Data excerpts:
····················

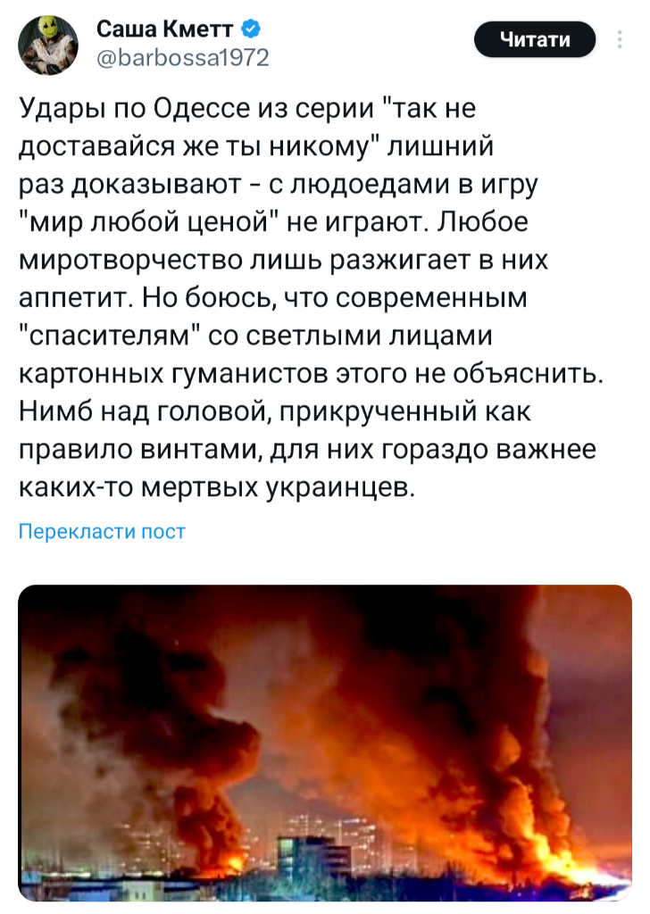 Тепер ясно, чому вони бьють по житлу і по лікарнях? Путін на них заборони не давав.
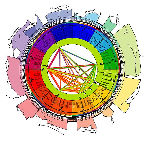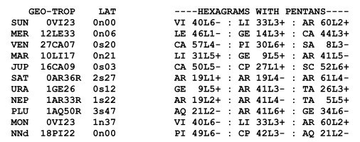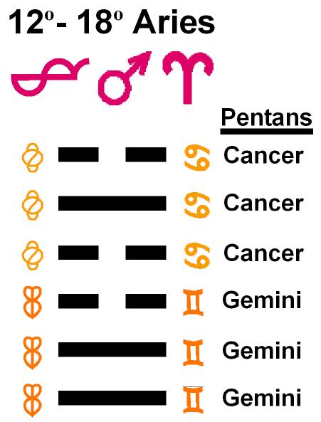 These symbols come from a degree of the zodiac and a line of the I Ching hexagrams.
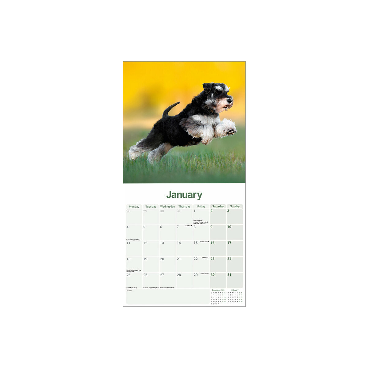 Les points forts de ce Calendrier 2027 Schnauzer Nain :
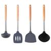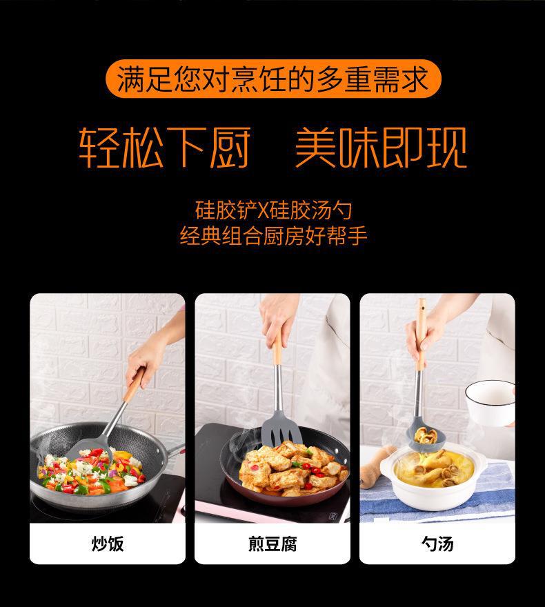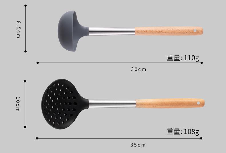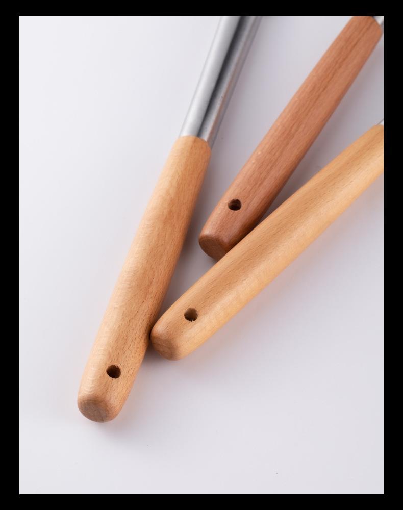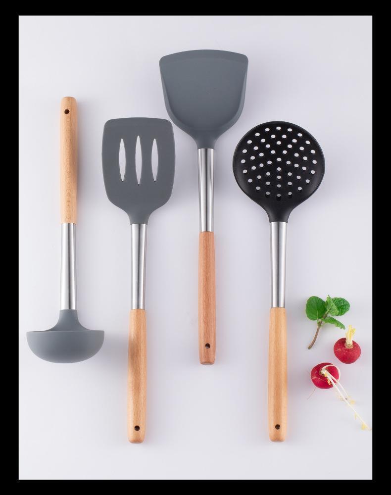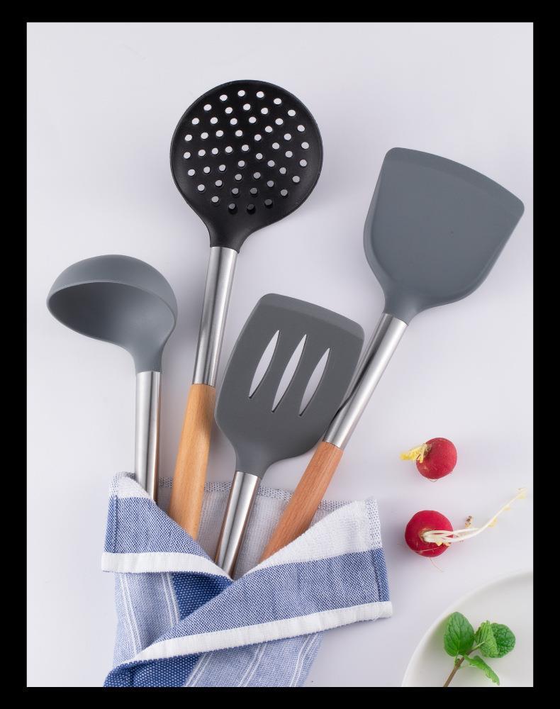 Mango de Madera Mango de Tubo de Acero Inoxidable Pala de Silicona Hogar Sartén Antiadherente Cuchara Especial para Saltear Cuchara para Sopa Colador Juego de Utensilios de Cocina de Silicona
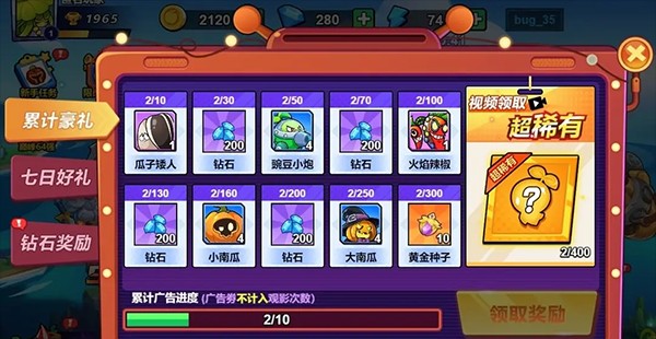 每日任务每日肝满,可以获得165个钻石,如果都看广告双倍领取的话,可以获得330钻石,活跃度达到100,每日可以额外再一个高级魔盒,开盒看运气~每周任务也是同样的,任务难度不大,共计240钻石,双倍则是480钻石。
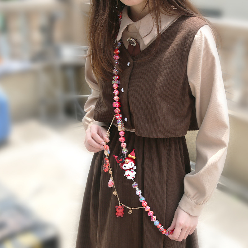 手机挂绳长款斜挎可背个性挂件串珠挂饰通用时尚高端ins网红挂链
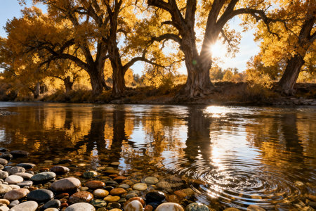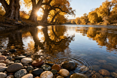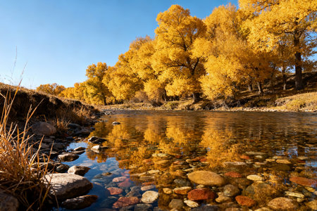 Beautiful autumn scenery with yellow trees on the banks of the river, fall season outdoor theme with atmosphere
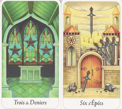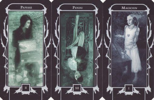 28 March 2010 A few days ago a fellow collector alerted me to a majors deck of original art included with a French graphic novel called Faery City. This was written by Mathieu Gaborit with artwork by Amandine Labarre. The imagery which is linked to the narrative of the novel is very good and it coheres as a tarot deck. The Fool is depicted as a blank image.
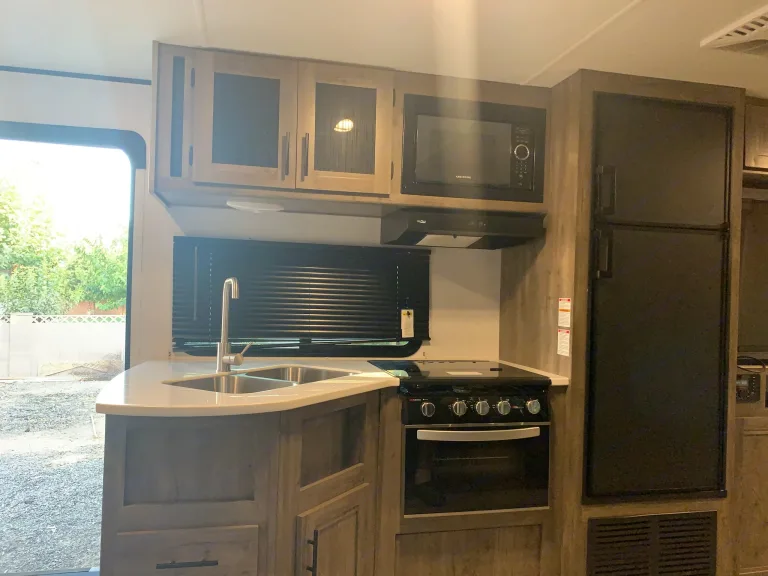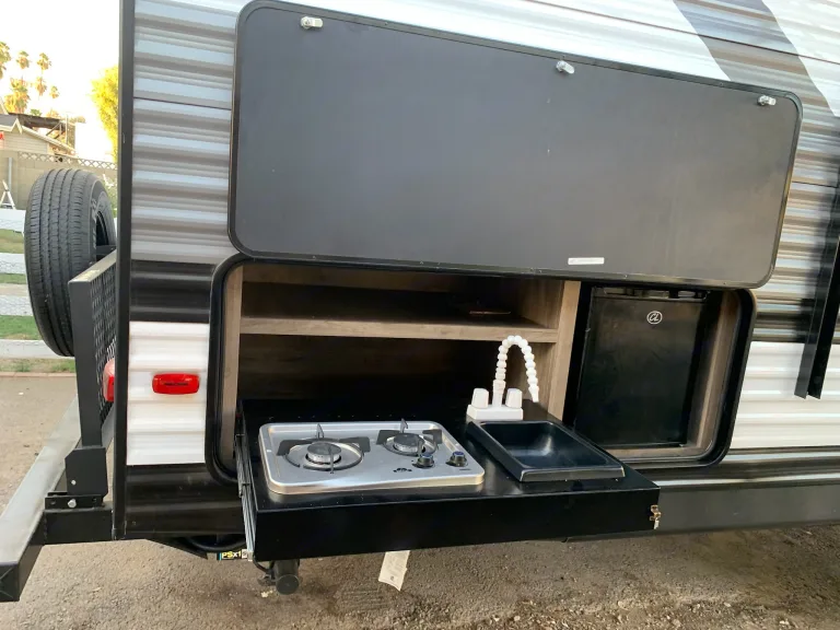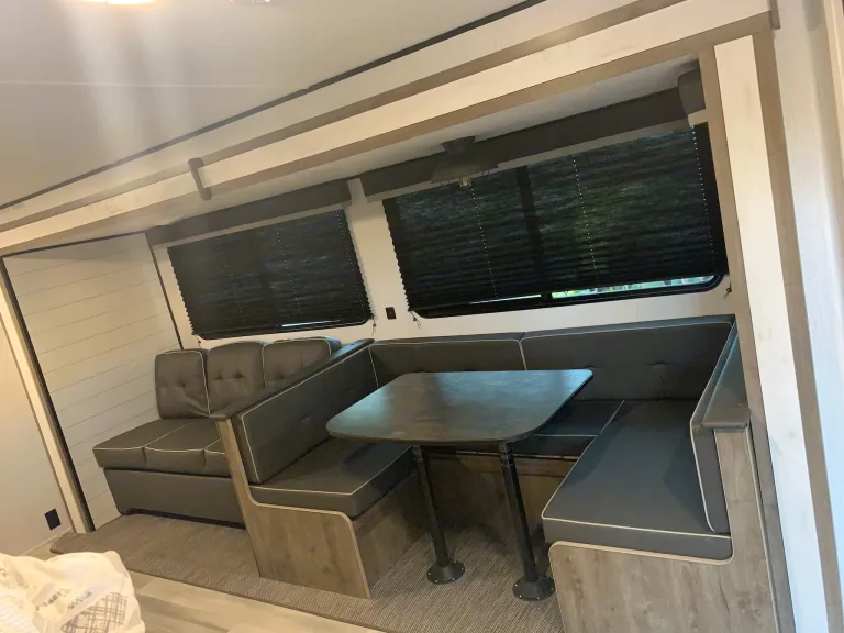 Brand new modern travel trailer with one slide out! Super comfortable. Fits 8 - 9 pple. Comes with a private Master suit & closet space. One spacious bathroom with a tub for the kiddos, Sofa sleeper, U shaped dinette that converts to a bed for two people, bunk beds, TV, microwave, Fridge and nice spacious kitchen. This RV also includes a nice outdoor kitchen and large awning.What's included4 camping chairs, Plastic dishes and Utensils, Fresh and sanitized sheets, Small fold able table, coffee, 4 rolls of toilet paper.Delivery and Pickup available Upon Request.
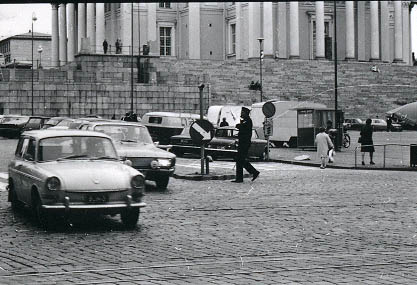 | Poliisi ohjaamassa liikennettä Unioninkadun ja Aleksanterinkadun kulmassa. | |
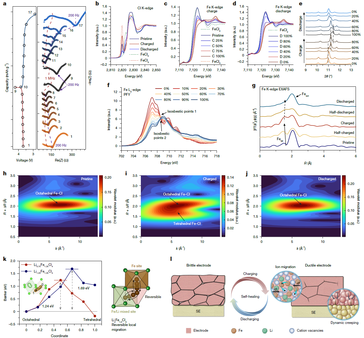 卤化物一体化正极推动高性能全固态电池应用。 近日,宁波东方理工大学/浙江省全省全固态动力电池技术与应用重点实验室的孙学良院士团队与加拿大西安大略大学T.-K. Sham教授、美国马里兰大学莫一非教授合作,在全固态电池正极设计领域取得了突破性进展。2025年6月25日,相关研究成果以A cost-effective all-in-one halide material for all-solid-state batteries为题,发表在Nature期刊上。该成果报道了一种低成本铁基卤化物材料,将正极活性材料、电解质和导电剂的功能集于一身,并展现出电极层面的自修复能力。这项工作解决了全固态电池在能量密度、循环寿命和成本方面的关键瓶颈。该成果的共同第一作者为西安大略大学博士后傅佳敏、宁波东方理工大学王长虹助理教授和汪硕助理教授。
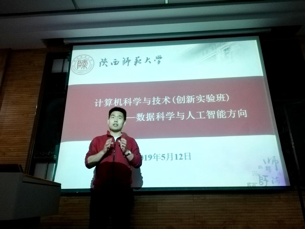 于5月12日晚19:00在教学五楼5104教室举行专业分流宣讲会,学院副院长马苗,软件工程专业负责人祁超、网络信息安全方向负责人胡曦明、数据科学与人工智能方向负责人武杰,2018级辅导员安琪以及2018级全体学生参加了本次专业分流宣讲会。
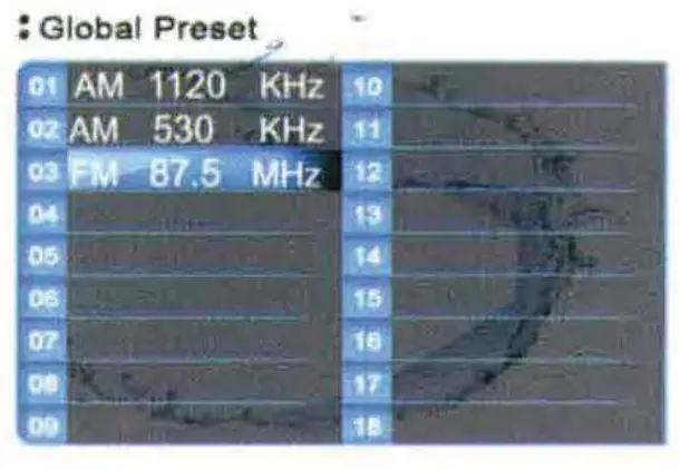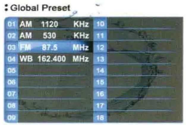 At your favorite station, press MENU button to enter Radio Settings, press VOL knob at SAVE AS PRESET to show the Global Preset List, then turn VOL knob to select a preset No. and press it to save the station into Preset List. The Preset No. will display once the station is saved.

····················

# Activity:
What is needed is an exact copy of the lines above from the one with "每日任务每日肝满,可以获得1" to the one with "28 March 2010", both ends kept, and nothing more; please leave the pictures out.

# Reply to the task:
 每日任务每日肝满,可以获得165个钻石,如果都看广告双倍领取的话,可以获得330钻石,活跃度达到100,每日可以额外再一个高级魔盒,开盒看运气~每周任务也是同样的,任务难度不大,共计240钻石,双倍则是480钻石。
 手机挂绳长款斜挎可背个性挂件串珠挂饰通用时尚高端ins网红挂链
 Beautiful autumn scenery with yellow trees on the banks of the river, fall season outdoor theme with atmosphere
 28 March 2010 A few days ago a fellow collector alerted me to a majors deck of original art included with a French graphic novel called Faery City. This was written by Mathieu Gaborit with artwork by Amandine Labarre. The imagery which is linked to the narrative of the novel is very good and it coheres as a tarot deck. The Fool is depicted as a blank image.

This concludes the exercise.